GRB 140703A
GCN Circular 16591
Subject
Radio upper limits on the GRB 140703A with the GMRT
Date
2014-07-15T08:41:55Z (11 years ago)
From
Poonam Chandra at TIFR <poonam@ncra.tifr.res.in>
A. J. Nayana (NCRA-TIFR) and Poonam Chandra (NCRA-TIFR) reports:
We carried out Giant Metrewave Radio Telescope (GMRT) observations of
GRB 140703A (GCN 16503) in the 1390 MHz band on 2013 July 10.12 UT and
12.91 UT,
respectively. We do not detect the radio afterglow of the GRB in this
frequency.
The 3-sigma upper limit at the two epochs are 174 and 177 uJy,
respectively. The map resolutions
of the two images are 2.5"x2.0" and 3.1"x2.1", respectively.
We thank GMRT staff for making these observations possible.
GCN Circular 16543
Subject
GRB 140703A: AMI 15 GHz detection
Date
2014-07-08T09:44:15Z (11 years ago)
From
Gemma Anderson at U of Oxford <gemma.anderson@astro.ox.ac.uk>
G. E. Anderson, R. P. Fender, T. D. Staley (University of Oxford), A. J. van der Horst (University of Amsterdam) and A. Rowlinson (CASS)

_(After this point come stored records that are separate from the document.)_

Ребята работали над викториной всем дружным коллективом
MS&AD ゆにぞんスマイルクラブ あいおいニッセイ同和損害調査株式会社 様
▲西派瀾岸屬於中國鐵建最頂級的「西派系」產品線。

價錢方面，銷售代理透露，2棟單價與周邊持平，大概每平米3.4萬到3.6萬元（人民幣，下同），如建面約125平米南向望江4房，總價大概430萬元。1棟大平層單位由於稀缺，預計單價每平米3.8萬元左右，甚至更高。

We observed the position of GRB 140703A (GCN 16503) at 15 GHz with the Arcminute Microkelvin Imager (AMI-LA) starting on 2014 July 3.03 to 3.12 UT and July 4.22 to 4.38 UT, corresponding to <12 minutes and 1.19 days post-burst. No radio counterpart was detected during our first observation with a 3-sigma upper limit of 0.18 mJy. However, the radio counterpart (GCN 16515 and 16516) was detected during our second observation with a preliminary flux of 0.25 +/- 0.05 mJy.
Further AMI monitoring is planned. We thank the AMI staff for scheduling these observations.
GCN Circular 16540
Subject
GRB 140703A: Swift/UVOT Upper Limits
Date
2014-07-07T23:45:44Z (11 years ago)
From
Mike Siegel at PSU/Swift MOC <siegel@swift.psu.edu>
M. H. Siegel (PSU) and D. Kocevski (NASA/GSFC/ORAU)

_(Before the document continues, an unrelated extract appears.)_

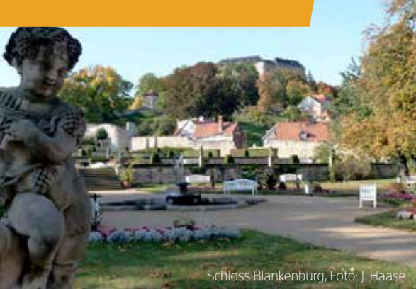
Schloss Blankenburg

report on behalf of the Swift/UVOT team:
The Swift/UVOT began settled observations of the field of GRB 140703A
123 s after the BAT trigger (Kocevski et al., GCN Circ. 16503).
No optical afterglow consistent with the XRT position
(Kocevski et al. GCN Circ. 16503)
is detected in the initial UVOT exposures.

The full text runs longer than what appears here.